We now have a broader understanding of a group of bacteria that use iron just like we use oxygen, and yet another type that feeds on iron, thanks to two studies conducted by researchers from a UW-Madison lab. One of them is published in Applied and Environmental Microbiology, and the other in Geobiology.
When animals feed on carbohydrates, the latter are oxidised, thereby losing electrons which are then taken up by oxygen to form water. This is why we need oxygen. Some bacteria, however, do not have access to oxygen because of their location (for example, those living underwater or underground), and, therefore, need something else to take up the electrons that result from metabolising organic matter. Some bacteria are able to use iron for this purpose; they transfer the electrons from organic matter (food) to iron oxide.
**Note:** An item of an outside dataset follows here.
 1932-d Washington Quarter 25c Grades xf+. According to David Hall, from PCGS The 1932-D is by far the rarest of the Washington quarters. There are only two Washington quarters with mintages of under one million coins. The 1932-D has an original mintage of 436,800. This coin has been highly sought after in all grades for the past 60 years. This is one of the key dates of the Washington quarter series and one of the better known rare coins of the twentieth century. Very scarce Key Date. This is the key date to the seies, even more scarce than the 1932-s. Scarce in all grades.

The bacteria use iron that is deficient in electrons to soak up those that are released when consuming organic matter. This iron is reduced to an electron-rich form of the element. These types of iron can also donate electrons in the complementary reactions that constitutes oxidation: there will be some other bacterial groups that will actually eat the iron to generate energy. Understanding the inner workings of these processes might help answer the mystery of the origin of life, say the researchers. Furthermore, the studies might help in the search for life on other planets, as points out senior author Eric Roden.
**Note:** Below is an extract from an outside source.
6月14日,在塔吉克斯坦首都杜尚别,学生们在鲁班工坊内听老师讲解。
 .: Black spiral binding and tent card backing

The metabolism of the iron-eating bacteria has been studied by Roden and his team. They collect samples thereof for analysis in their labs. For the latest scientific papers, they examined samples taken from the Chocolate Pot hot spring from the Yellowstone National Park; the spring obtained its names for the reddish-brown colour conferred onto it by ferric oxide. That was how they spotted unknown bacteria able to metabolise iron. Also, using an advanced genome-sequencing technique, they obtained genetic data that points at the ability of transferring electrons through a cell’s outer membrane in both directions: this characteristic allows the bacteria to use iron as an energy source, and also to use iron forms that could not otherwise be taken into the cell; the bacteria have previously been shown to form stalks or sheaths for the transport of iron.
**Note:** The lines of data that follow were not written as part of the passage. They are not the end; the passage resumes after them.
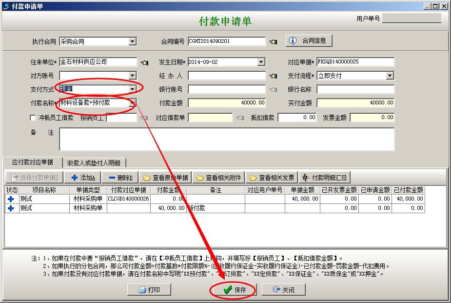 注:上圖所示;付款申請(qǐng)單的兩行明細(xì)為兩個(gè)材料采購(gòu)單,第一行的[付款對(duì)應(yīng)單據(jù)]為CLCGD140000026已付款金額40000已經(jīng)等于單據(jù)金額(表示該采購(gòu)單已經(jīng)付完,是通過(guò)上一個(gè)付款單自動(dòng)對(duì)應(yīng)上的付款數(shù)),所以付款金額為0,第二行的[付款對(duì)應(yīng)單據(jù)]為空,表示本項(xiàng)支付的款項(xiàng)為預(yù)付款),上面的付款名稱(chēng)為材料設(shè)備款+預(yù)付款;
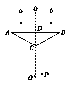 如图所示,ABC为等腰棱镜,a、b两束不同频率的单色光垂直AB边射入棱镜,两束光在AB面上的入射点到OC的距离相等,两束光折射后相交于图中的P点,以下判断正确的是( )![]()
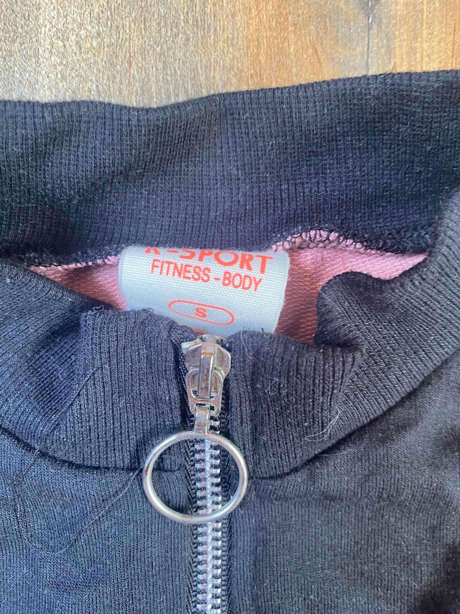 Polerón de deporte negro con cierre metálico, ideal para entrenar. Buen estado, talla S. Tiene una mancha
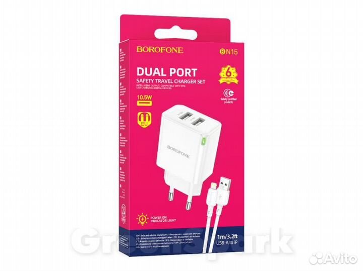 Сзу borofone BN15 Strong 2-USB/2.1A + Lightning к
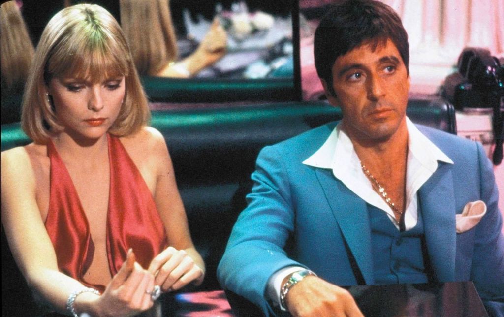 È una mimica estrema la sua, il sorriso accattivate, l’accento marcato e i suoi movimenti tesi, nervosi e scattosi. Colmi di una violenza parzialmente sopita, ma pronta a esplodere in qualsiasi momento. E il merito di Al Pacino è proprio quello: il saper immergere le vicende in un alone di folle corsa al potere. “The World Is Yours – Il mondo è tuo”. Ma che prezzo ha il potere? È una sanguinosa spirale di pacchiana e sfarzosa violenza. Una rabbia animata da una cupa determinazione che lo porterà a perdere definitivamente i suoi affetti e ritrovarsi irrimediabilmente solo. Scarface è una feroce satira al mondo di una cultura avida e sgargiante. Al desiderio del lusso sfranato ad ogni costo. Montana vuole tutto e lo vuole subito. Soldi, potere, sfarzo ed Elvira: la donna che ne cattura il cuore al primo sguardo. Figura di grande fascino ma triste, insoddisfatta e anch’essa votata all’autodistruzione e che ha le fattezze di una Michelle Pfeiffer alla sua prima grande prova attoriale.

Studying these bacteria might help researchers in finding ways to harvest energy from organic matter by making use of these organisms. Furthermore, the bacteria play an important life in the process of rock weathering. Also, given that some of these iron-bacteria feature at early stages on the tree of life, the findings can be made pertinent to the origin of life itself — not only on Earth, but in space as well. Roden says that bacteria on Mars might be metabolising iron instead of oxygen to survive, and the bacteria they discovered might be a model for life forms that might be out there waiting to be found.